A Soundtrack for Progress

For veteran music critic Simon Reynolds, the “avant-lumpen” sound captures how it feels to be alive today with raw voices and synthetic soundscapes.

2015 Slingshot Festival Of Music, Electronic Art, Tech, Film & Comedy - Day 2

The electronic artist Holly Herndon describes her music as an effort toward “paradise politics.” “The right is really good at coming up with a paradisiac alternative to whatever the current condition is,” she told the Guardian in 2015, “but the left sometimes fails to come up with their own paradisiac alternative. That’s where music can come in.” (Photo by Chris McKay / Getty Images)


Joining me remotely from a house in Pasadena, California, not far from the then ongoing LA fires (his family’s bags are packed and ready), Simon Reynolds asks me if I’ve seen “that new Musk car that looks like a giant block of geometric planes.” He describes it with both awe and disgust. “It’s a car, like an ordinary person’s car, but it looks like a tank, and it’s very, very harshly angled. They all look horrible to me; it’s like some kitsch pastiche of a car from the future — but it is a car from the future.”

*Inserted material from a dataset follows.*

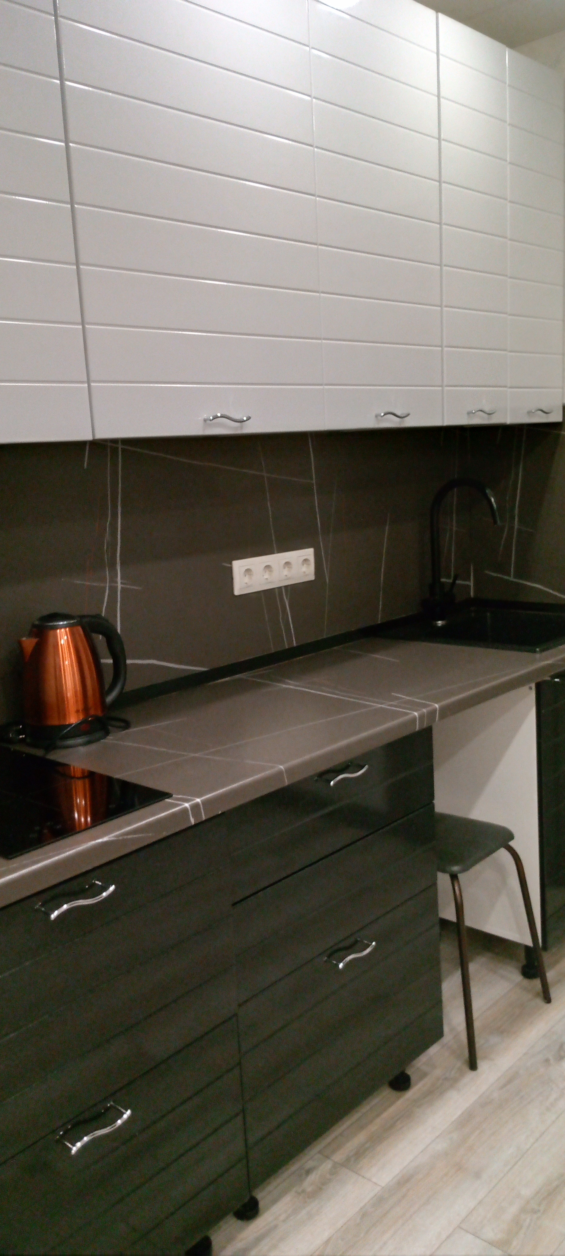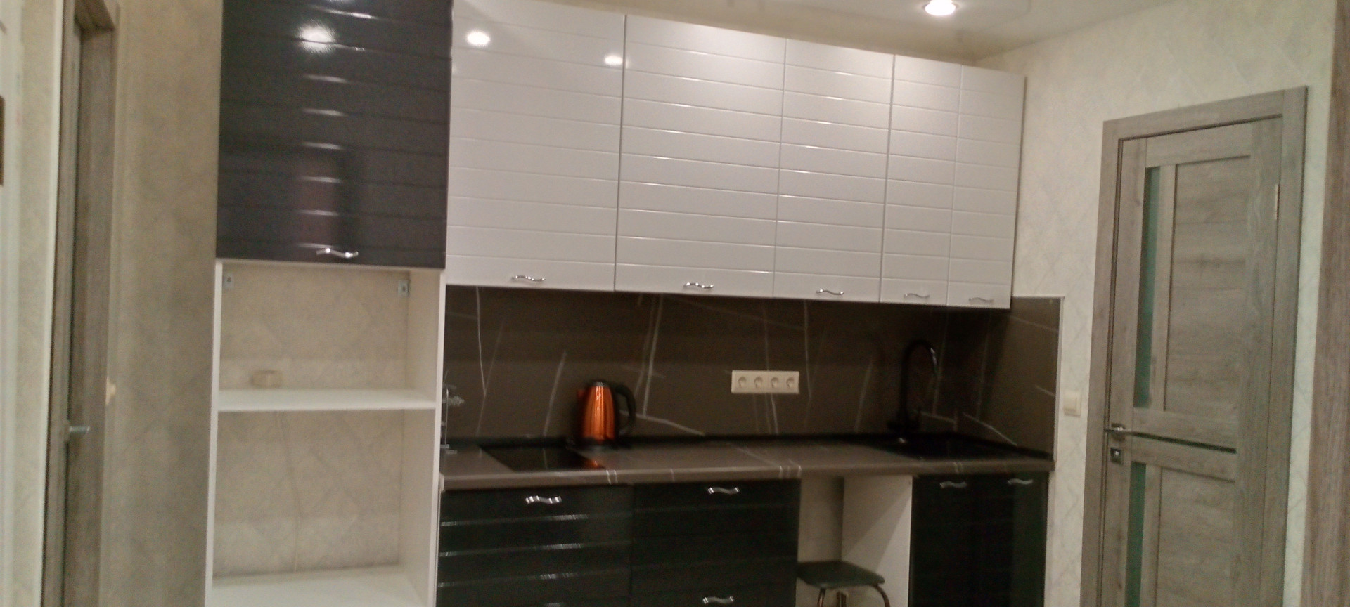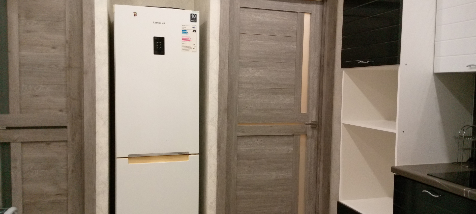 Из бытовых приборов: электрический чайник, индукционная плита, новый кондиционер, телевизор, холодильник большой, стиральная машина.

I had just asked him about the long tradition of politically regressive, aesthetically progressive art, beginning with Filippo Tommaso Marinetti’s Futurist Manifesto of 1909, with its love for cars and guns and noise, its passionate misogyny and militarism. This thread, where aesthetics and politics don’t so much meet as move in apparently conflicting directions, has run through four decades of Reynolds’s writings on music and is especially clear in his new collection, Futuromania: Electronic Dreams, Desiring Machines, and Tomorrow’s Music Today.

Reynolds’s first book, 1990’s Blissed Out, combined a love for extreme music and a left-liberal’s discomfort with the ideas behind it, thrown together with rapid-fire conceptual coinages and neologisms (some aging better than others, like calling mid-1980s Def Jam hip-hop a “DISS-TOPIA”). The Sex Revolts, a 1995 collaboration with his wife, critic Joy Press, explored the apparent paradox of incredibly exciting, forward-thinking, liberating sound — the Rolling Stones, Iggy and the Stooges — being powered by the most primeval misogyny. Two histories, 1998’s Energy Flash, on house and techno, and 2005’s Rip It Up and Start Again, on post-punk, revealed a more utopian edge to his writing. But it was Retromania, published in 2010, that lamented the foreclosure of both sonic and political change in the twenty-first century.